Try it: Beginning with the first line below, retype exactly each line through the one containing "夏休み最初の数日と、2学期が". Leave out all pictures.

Exercise data:
—————

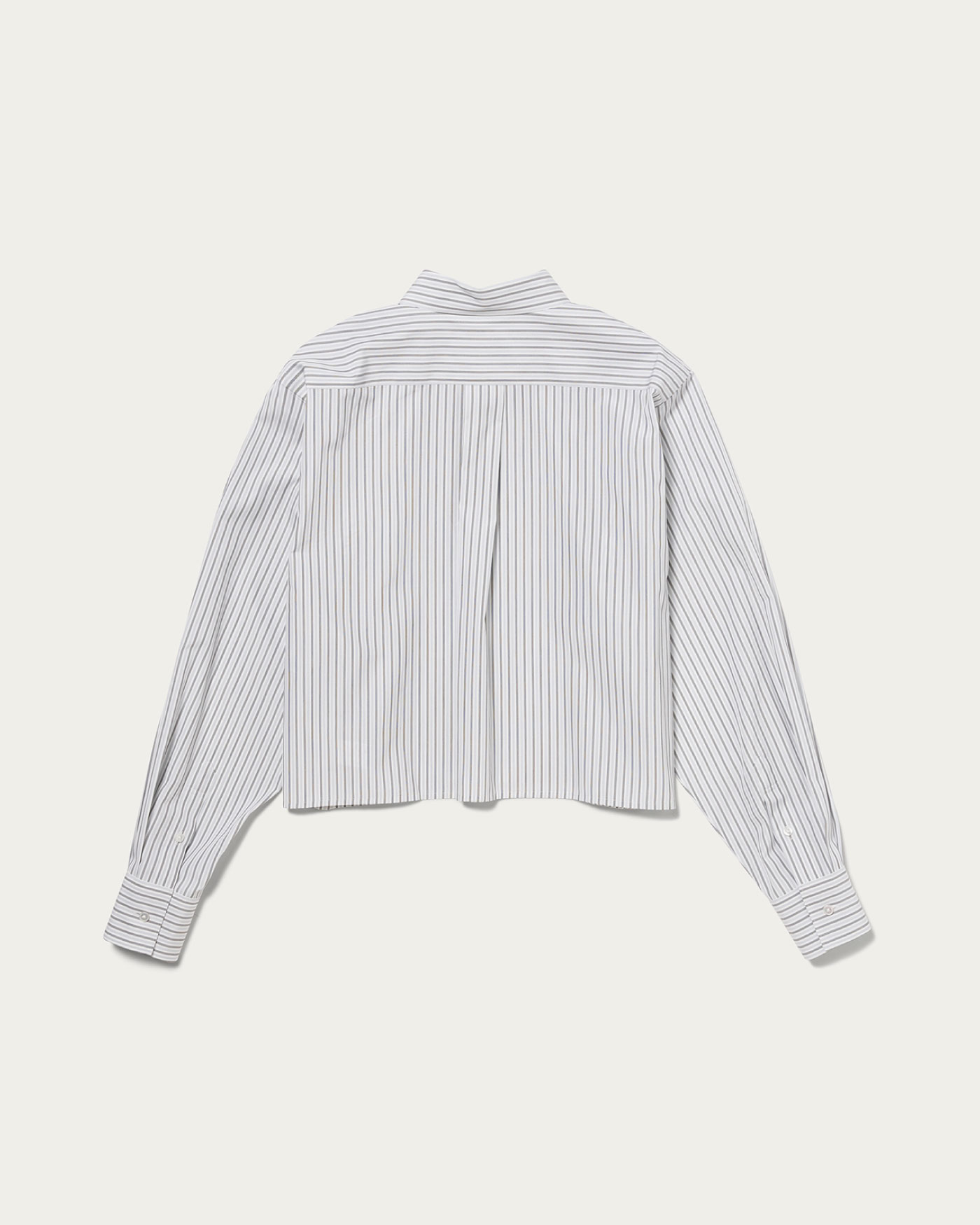 THOMAS MASON社のコットンブロードを使用したクロップドシャツ。ハリのある美しいブロードでお作りしたシャツはロングポイントカラーの襟元がポイントです。シャープな印象の洗練されたレギュラーシャツはコーディネートのスパイスに。
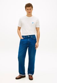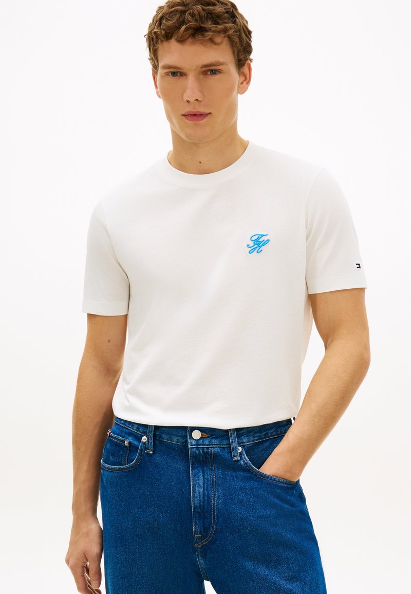 Νέος άνδρας φοράει λευκή κοντομάνικη μπλούζα με μπλε μονόγραμμα και μπλε τζιν, στέκεται με το ένα χέρι στην τσέπη, πάνω σε λευκό φόντο.
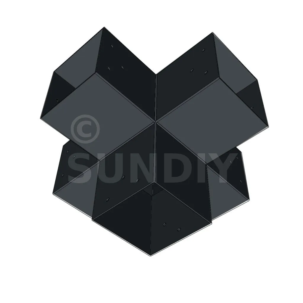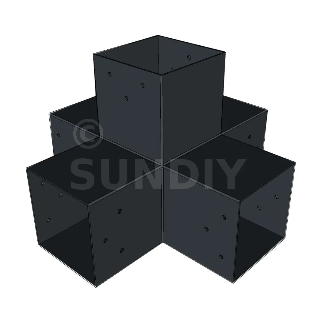 Es ist möglich, zwei 120 x 120 mm große Aussparungen senkrecht zu einer anderen 120 x 120 mm großen Aussparung aufzustellen, die insgesamt von einem 120 x 120 mm großen vertikalen Ausgießer unterstützt wird.
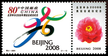 2001年第22届优秀特种&专家奖邮票《北京申办2008年奥运会成功纪念》
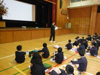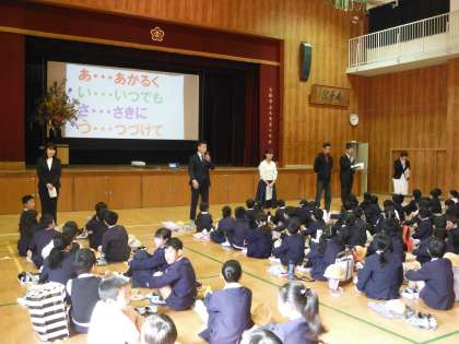 本日〔4月8日(月)〕、2年生から6年生と教職員で新しく着任された先生方の着任式を行った後、今年度の始業式を行いました。始業式の終了後、3年生の転入生の紹介と担任発表がありました。
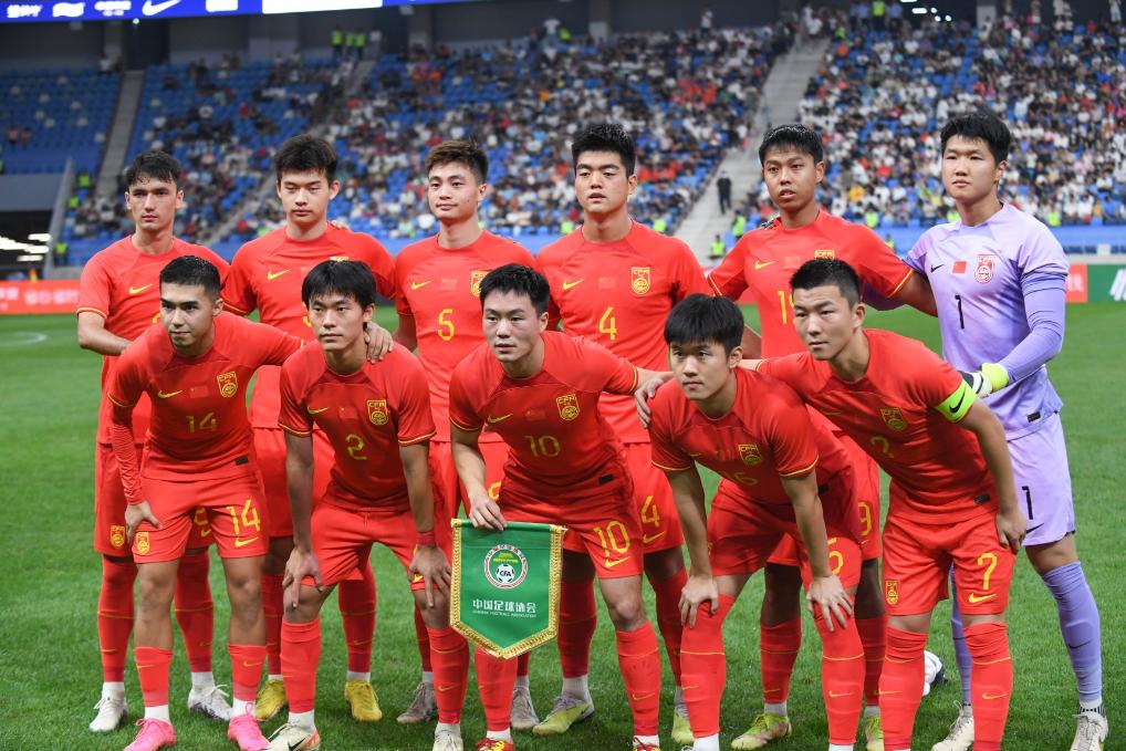 9月9日,,在辽宁大连举行的2024年卡塔尔U23亚洲杯预选赛暨巴黎奥运会男足亚洲区资格赛G组第二轮比赛中,中国队以2:1战胜印度队。图为中国队球员在赛前合影。新华社记者龙雷摄
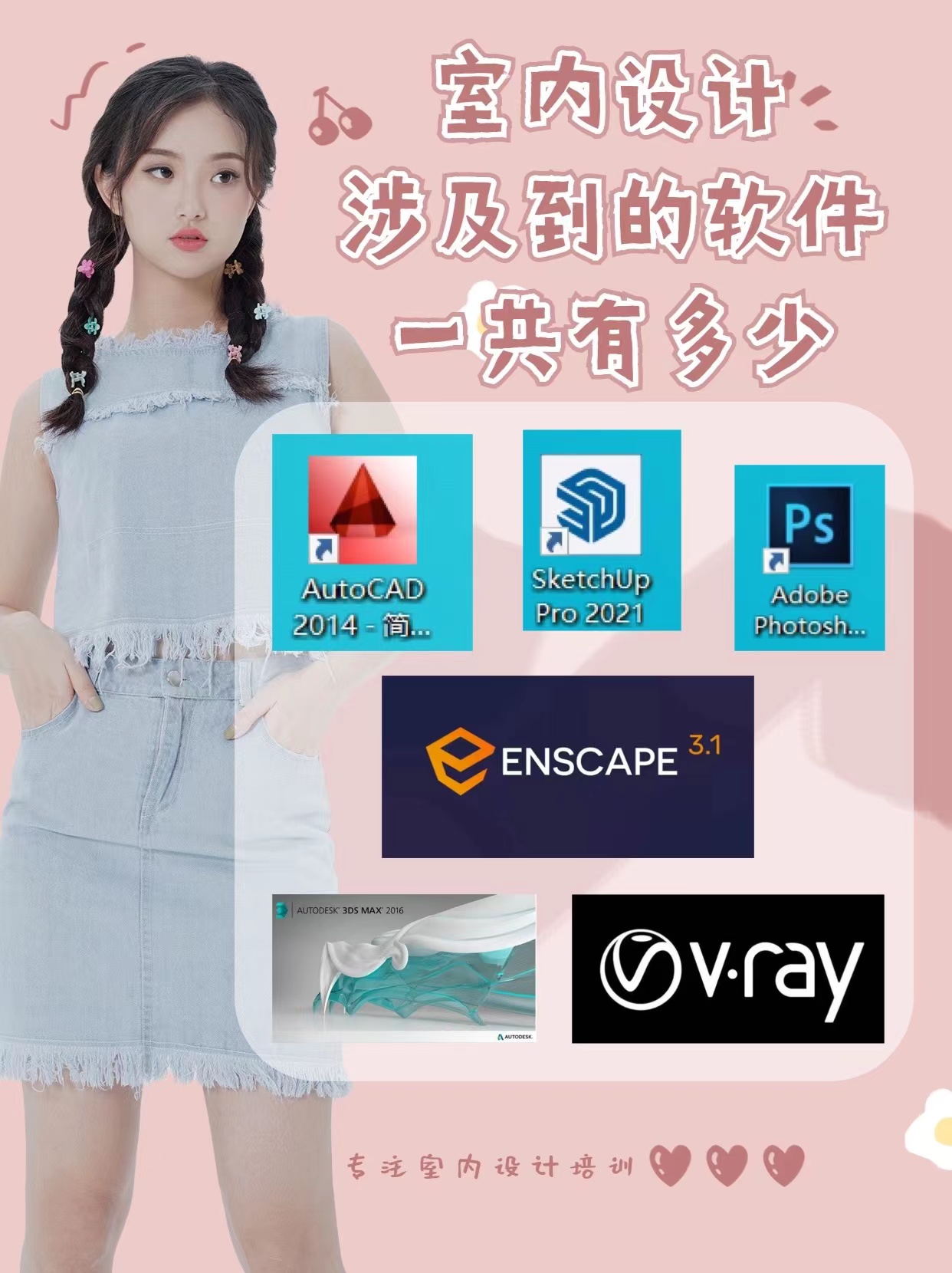 先总结一下,室内设计要用到的常用软件吧,它们分别是CAD、SketchUp、3Ds MAX、Vray、Photoshop、Enscape等,这里有些软件功能是重复的,选择自己适合的就行。
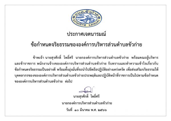 ข้อกำหนดจริยธรรมขององค์การบริหารส่วนตำบลขัวก่าย
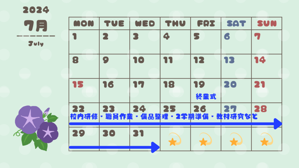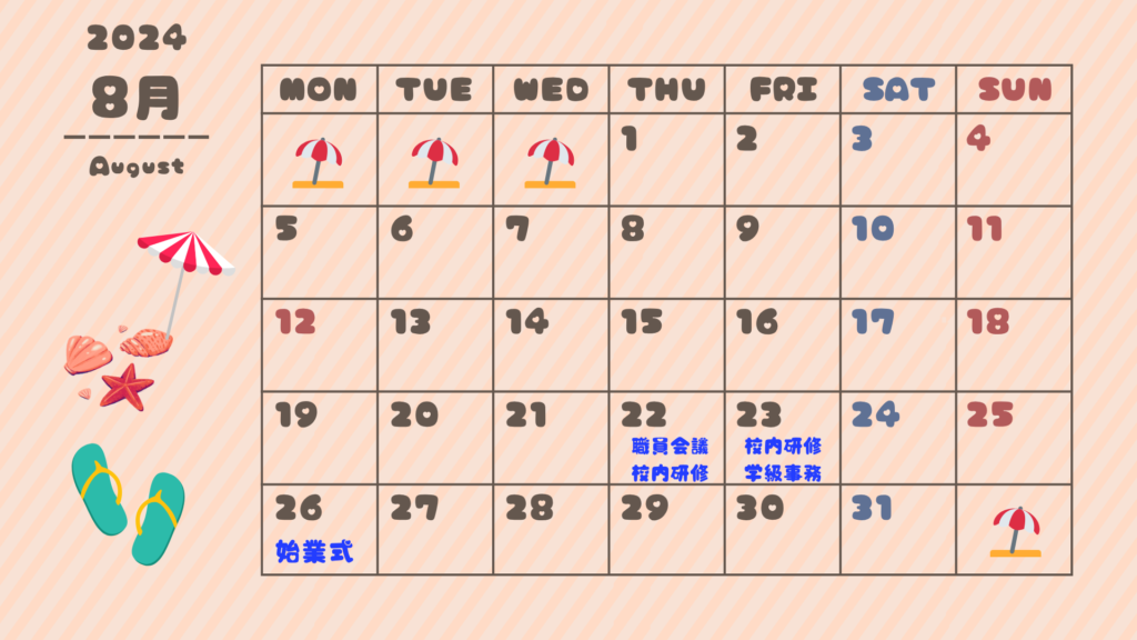 夏休み最初の数日と、2学期が始まる直前は備品整理・校内研修・職員会議が集中しやすい時期。
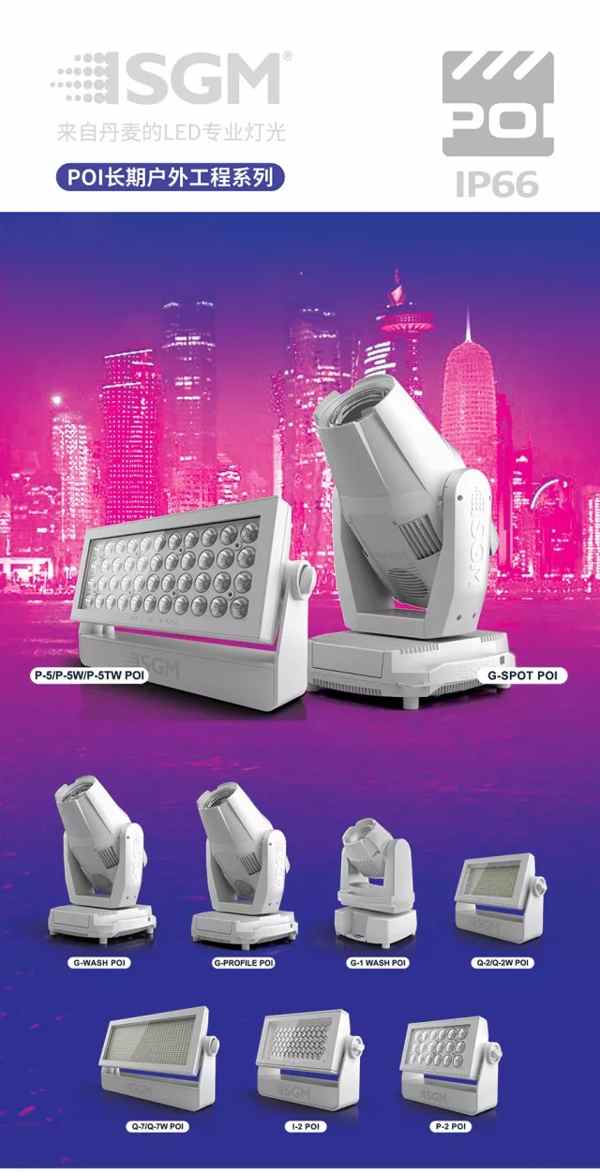 SGM最新推出的长期户外固定安装(POI)IP66防护等级照明产品系列,除了具有超高亮度跟丰富色彩之外,IP66的防水防尘灯壳设计能够确保灯具能够对抗室外的各种极端天气情况,例如:雨天、冰雪、沙尘、酷暑,甚至是海上的盐渍。

—————

Worked solution:
 THOMAS MASON社のコットンブロードを使用したクロップドシャツ。ハリのある美しいブロードでお作りしたシャツはロングポイントカラーの襟元がポイントです。シャープな印象の洗練されたレギュラーシャツはコーディネートのスパイスに。
 Νέος άνδρας φοράει λευκή κοντομάνικη μπλούζα με μπλε μονόγραμμα και μπλε τζιν, στέκεται με το ένα χέρι στην τσέπη, πάνω σε λευκό φόντο.
 Es ist möglich, zwei 120 x 120 mm große Aussparungen senkrecht zu einer anderen 120 x 120 mm großen Aussparung aufzustellen, die insgesamt von einem 120 x 120 mm großen vertikalen Ausgießer unterstützt wird.
 2001年第22届优秀特种&专家奖邮票《北京申办2008年奥运会成功纪念》
 本日〔4月8日(月)〕、2年生から6年生と教職員で新しく着任された先生方の着任式を行った後、今年度の始業式を行いました。始業式の終了後、3年生の転入生の紹介と担任発表がありました。
 9月9日,,在辽宁大连举行的2024年卡塔尔U23亚洲杯预选赛暨巴黎奥运会男足亚洲区资格赛G组第二轮比赛中,中国队以2:1战胜印度队。图为中国队球员在赛前合影。新华社记者龙雷摄
 先总结一下,室内设计要用到的常用软件吧,它们分别是CAD、SketchUp、3Ds MAX、Vray、Photoshop、Enscape等,这里有些软件功能是重复的,选择自己适合的就行。
 ข้อกำหนดจริยธรรมขององค์การบริหารส่วนตำบลขัวก่าย
 夏休み最初の数日と、2学期が始まる直前は備品整理・校内研修・職員会議が集中しやすい時期。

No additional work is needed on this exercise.